Tak lama setelah gempa berhenti, air laut surut jauh sekali sehingga
ikan-ikan bergeleparan di pantai. Sultan Daru dan rakyatnya bergembira
ria melihat ikan-ikan yang bergeleparan mereka segera memungut
ikan-ikan tersebut, sedangkan sultan Alam dan rakyatnya segera berlari
menuju gunung yang tinggi sesuai pesan dari naga Sabang.
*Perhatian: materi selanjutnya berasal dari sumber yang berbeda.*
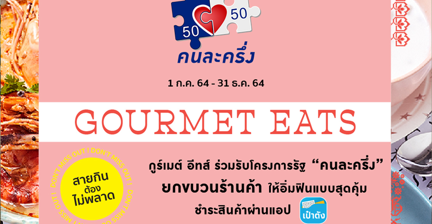 กูร์เมต์ อีทส์ โดย เดอะมอลล์ กรุ๊ป ร่วมเป็นส่วนหนึ่งในการกระตุ้นการจับจ่ายใช้สอยภายในประเทศ และช่วยแบ่งเบาภาระค่าใช้จ่ายให้กับประชาชน ขานรับนโยบายภาครัฐเข้าร่วมโครงการ“คนละครึ่ง” จับมือพันธมิตรผู้ประกอบการร้านอาหารและเครื่องดื่มชื่อดังกว่า 50 ร้าน อาทิ ธีรชัยไก่ย่าง,ราชาซาลาเปา, หยกสด, Eat Me, Tomoko, กล้วยทอดพันล้าน, ขนมจีบต้มโกหยี, ขนมเบื้องคุณดาว,แดงแหนมเนือง, อนุชาติ่มซำ, kokoro, Bear bear bear, ขนมจีบต้มโกนา, ขนมโตเกียวสายสุวรรณ, ขนมเปี๊ยะเฮียบหลี, Pasta Kitchen, วุ้นคุณอุ๊, หมูยอ ป.อุบล, Bow Cake, Crepes A day, Mikazuki, Takokki, Tokyo Sweets, กล้วยทอดโบราณ, น้ำพริกร้อยครก, บูมโดนัท, ปลาหมึกย่างแดนมังกรเยาวราช, มะลิกระหรี่ปั๊ป, Captain Squid, Health Center, Orangee, Photo cake, Sansook, with you, กุยช่ายแป้งสดตลาดพลู,ข้าวเกรียบปากหม้อ, คินมารุ, ดีพร้อม, ตั้งตัวลูกชิ้นเทวดา, เตยหอม, น้ำเต้าหู้สูตรคุณพ่อ(น้ำเต้าหู้5สี), แป้งจี่, ฟ้าประทาน, ลูกชิ้นโกฮับ, สุราษฎร์ซีฟู้ด, April’s bakery, Sweet heaven, ฟู้ดสลัดเมืองย่า, แม่แก้วทอง และสมพรสมุนไพร ฯลฯ

Tak lama kemudian datanglah gelombang yang sangat besar menyapu pulau
Andalas. Sultan Daru dan rakyatnya yang sedang bergembira di hantam
oleh gelombang besar itu, kedua raksasa sakti juga dihempas oleh
gelombang besar sampai jauh kedaratan. Rumah-rumah hancur, hewan ternak
mati bergelimpangan, sawah-sawah musnah, desa dan kota hancur
berantakan. Sedangkan Sultan Alam dan rakyatnya menyaksikan kejadi
mengerikan tersebut dari atas gunung yang tinggi.
Sejak saat itu pulau Andalas menyatu di bawah pimpinan sultan Alam yang
Adil dan bijaksana. Mereka membangun kembali desa-desa dan kota-kota
yang hancur, kemudian Sultan Alam membangu sebuah kota kerajaan di
dekat bekas kepala naga, kota itu di beri nama Koeta Radja dan pantai
bekas kepala naga itu di sebut Ulee leue (kepala ular). Sedangkan
tempat kedua raksasa sakti itu terkubur diberi nama Seulawah Agam dan
Seulawah Inong. Sedangkan pulau yang tebentuk dari tubuh naga di sebut
pulau Weh (menjauh) atau pulau Sabang.